▶ Try it
All entries are to be repeated exactly as shown below.

▶ Supplied data

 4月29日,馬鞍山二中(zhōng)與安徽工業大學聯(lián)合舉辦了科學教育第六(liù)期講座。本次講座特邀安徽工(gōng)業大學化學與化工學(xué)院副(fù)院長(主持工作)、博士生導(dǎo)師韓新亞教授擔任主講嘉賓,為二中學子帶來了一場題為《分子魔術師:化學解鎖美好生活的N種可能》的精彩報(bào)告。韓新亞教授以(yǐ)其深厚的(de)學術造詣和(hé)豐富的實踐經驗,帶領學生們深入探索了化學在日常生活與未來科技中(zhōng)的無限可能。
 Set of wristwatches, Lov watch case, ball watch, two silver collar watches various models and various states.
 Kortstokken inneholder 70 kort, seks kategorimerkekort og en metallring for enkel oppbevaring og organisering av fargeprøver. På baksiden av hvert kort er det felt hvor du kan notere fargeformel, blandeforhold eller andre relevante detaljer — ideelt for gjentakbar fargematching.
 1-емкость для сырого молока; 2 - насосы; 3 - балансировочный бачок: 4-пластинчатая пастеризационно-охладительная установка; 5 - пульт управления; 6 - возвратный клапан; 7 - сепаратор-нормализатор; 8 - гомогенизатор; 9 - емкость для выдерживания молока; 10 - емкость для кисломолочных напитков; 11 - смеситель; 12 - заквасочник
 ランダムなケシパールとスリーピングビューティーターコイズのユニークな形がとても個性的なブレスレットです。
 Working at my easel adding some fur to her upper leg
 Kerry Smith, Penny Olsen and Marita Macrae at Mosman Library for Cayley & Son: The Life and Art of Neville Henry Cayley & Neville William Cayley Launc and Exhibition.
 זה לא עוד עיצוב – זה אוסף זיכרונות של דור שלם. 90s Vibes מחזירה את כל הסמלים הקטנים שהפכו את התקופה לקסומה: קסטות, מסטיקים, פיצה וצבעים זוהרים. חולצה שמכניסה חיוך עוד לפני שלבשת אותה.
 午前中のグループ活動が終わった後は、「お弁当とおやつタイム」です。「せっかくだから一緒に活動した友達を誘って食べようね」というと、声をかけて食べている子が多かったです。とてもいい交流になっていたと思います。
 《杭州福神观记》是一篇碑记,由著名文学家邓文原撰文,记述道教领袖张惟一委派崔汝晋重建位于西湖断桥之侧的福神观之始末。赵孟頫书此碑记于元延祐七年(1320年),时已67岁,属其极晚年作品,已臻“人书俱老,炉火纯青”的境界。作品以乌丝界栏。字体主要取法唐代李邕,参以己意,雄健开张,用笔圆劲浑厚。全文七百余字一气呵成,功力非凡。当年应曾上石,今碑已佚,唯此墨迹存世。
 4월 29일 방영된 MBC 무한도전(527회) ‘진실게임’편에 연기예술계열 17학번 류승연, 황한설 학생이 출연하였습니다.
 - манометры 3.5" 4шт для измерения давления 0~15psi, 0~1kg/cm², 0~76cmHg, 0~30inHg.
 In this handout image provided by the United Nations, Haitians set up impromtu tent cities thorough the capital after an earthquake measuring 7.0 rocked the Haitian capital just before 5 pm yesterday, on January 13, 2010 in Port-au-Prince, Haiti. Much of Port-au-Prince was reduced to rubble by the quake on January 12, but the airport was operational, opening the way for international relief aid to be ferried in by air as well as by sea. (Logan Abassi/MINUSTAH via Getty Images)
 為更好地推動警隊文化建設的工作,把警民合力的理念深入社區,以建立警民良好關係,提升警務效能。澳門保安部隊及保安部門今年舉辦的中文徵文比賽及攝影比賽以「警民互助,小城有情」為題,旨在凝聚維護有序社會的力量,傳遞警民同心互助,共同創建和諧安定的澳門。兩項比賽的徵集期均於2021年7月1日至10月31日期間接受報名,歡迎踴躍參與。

▶ Task output
 4月29日,馬鞍山二中(zhōng)與安徽工業大學聯(lián)合舉辦了科學教育第六(liù)期講座。本次講座特邀安徽工(gōng)業大學化學與化工學(xué)院副(fù)院長(主持工作)、博士生導(dǎo)師韓新亞教授擔任主講嘉賓,為二中學子帶來了一場題為《分子魔術師:化學解鎖美好生活的N種可能》的精彩報(bào)告。韓新亞教授以(yǐ)其深厚的(de)學術造詣和(hé)豐富的實踐經驗,帶領學生們深入探索了化學在日常生活與未來科技中(zhōng)的無限可能。
 Set of wristwatches, Lov watch case, ball watch, two silver collar watches various models and various states.
 Kortstokken inneholder 70 kort, seks kategorimerkekort og en metallring for enkel oppbevaring og organisering av fargeprøver. På baksiden av hvert kort er det felt hvor du kan notere fargeformel, blandeforhold eller andre relevante detaljer — ideelt for gjentakbar fargematching.
 1-емкость для сырого молока; 2 - насосы; 3 - балансировочный бачок: 4-пластинчатая пастеризационно-охладительная установка; 5 - пульт управления; 6 - возвратный клапан; 7 - сепаратор-нормализатор; 8 - гомогенизатор; 9 - емкость для выдерживания молока; 10 - емкость для кисломолочных напитков; 11 - смеситель; 12 - заквасочник
 ランダムなケシパールとスリーピングビューティーターコイズのユニークな形がとても個性的なブレスレットです。
 Working at my easel adding some fur to her upper leg
 Kerry Smith, Penny Olsen and Marita Macrae at Mosman Library for Cayley & Son: The Life and Art of Neville Henry Cayley & Neville William Cayley Launc and Exhibition.
 זה לא עוד עיצוב – זה אוסף זיכרונות של דור שלם. 90s Vibes מחזירה את כל הסמלים הקטנים שהפכו את התקופה לקסומה: קסטות, מסטיקים, פיצה וצבעים זוהרים. חולצה שמכניסה חיוך עוד לפני שלבשת אותה.
 午前中のグループ活動が終わった後は、「お弁当とおやつタイム」です。「せっかくだから一緒に活動した友達を誘って食べようね」というと、声をかけて食べている子が多かったです。とてもいい交流になっていたと思います。
 《杭州福神观记》是一篇碑记,由著名文学家邓文原撰文,记述道教领袖张惟一委派崔汝晋重建位于西湖断桥之侧的福神观之始末。赵孟頫书此碑记于元延祐七年(1320年),时已67岁,属其极晚年作品,已臻“人书俱老,炉火纯青”的境界。作品以乌丝界栏。字体主要取法唐代李邕,参以己意,雄健开张,用笔圆劲浑厚。全文七百余字一气呵成,功力非凡。当年应曾上石,今碑已佚,唯此墨迹存世。
 4월 29일 방영된 MBC 무한도전(527회) ‘진실게임’편에 연기예술계열 17학번 류승연, 황한설 학생이 출연하였습니다.
 - манометры 3.5" 4шт для измерения давления 0~15psi, 0~1kg/cm², 0~76cmHg, 0~30inHg.
 In this handout image provided by the United Nations, Haitians set up impromtu tent cities thorough the capital after an earthquake measuring 7.0 rocked the Haitian capital just before 5 pm yesterday, on January 13, 2010 in Port-au-Prince, Haiti. Much of Port-au-Prince was reduced to rubble by the quake on January 12, but the airport was operational, opening the way for international relief aid to be ferried in by air as well as by sea. (Logan Abassi/MINUSTAH via Getty Images)
 為更好地推動警隊文化建設的工作,把警民合力的理念深入社區,以建立警民良好關係,提升警務效能。澳門保安部隊及保安部門今年舉辦的中文徵文比賽及攝影比賽以「警民互助,小城有情」為題,旨在凝聚維護有序社會的力量,傳遞警民同心互助,共同創建和諧安定的澳門。兩項比賽的徵集期均於2021年7月1日至10月31日期間接受報名,歡迎踴躍參與。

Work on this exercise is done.